**WHAT THE TASK ASKS**
Nothing but the lines from the one with "37 Perlgrau Pearl Grey" through the end of the listing should be reproduced, each exactly and with pictures omitted.

____ MATERIAL FOR THIS EXERCISE

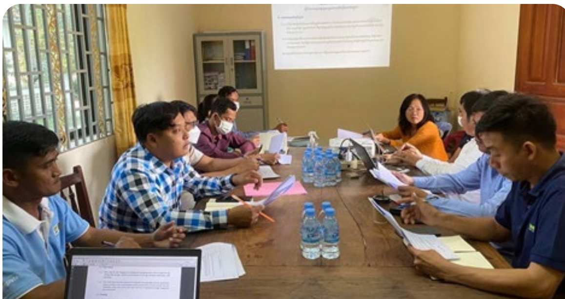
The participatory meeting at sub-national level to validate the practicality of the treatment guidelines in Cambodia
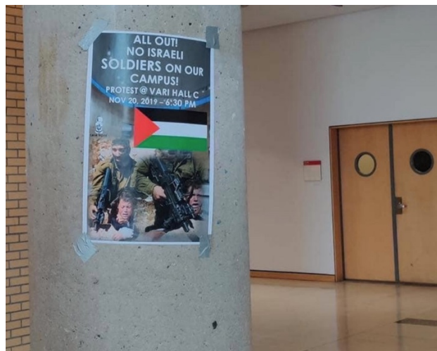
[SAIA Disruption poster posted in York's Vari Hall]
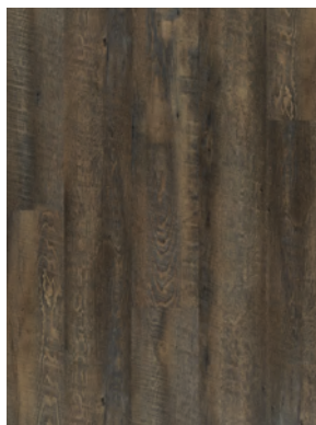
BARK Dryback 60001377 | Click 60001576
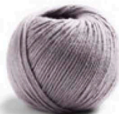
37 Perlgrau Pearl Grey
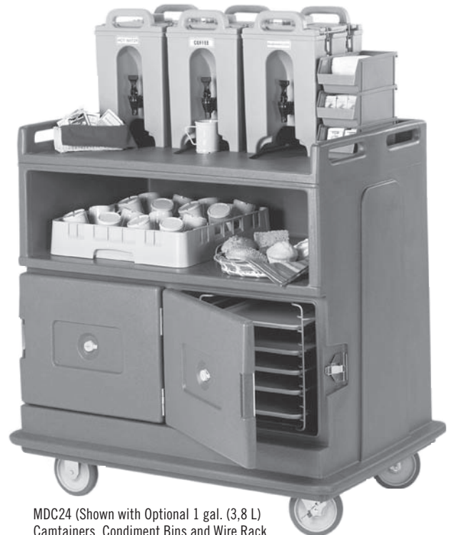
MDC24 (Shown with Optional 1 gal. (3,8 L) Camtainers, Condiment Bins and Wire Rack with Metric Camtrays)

________

**TASK RESPONSE**
37 Perlgrau Pearl Grey
MDC24 (Shown with Optional 1 gal. (3,8 L) Camtainers, Condiment Bins and Wire Rack with Metric Camtrays)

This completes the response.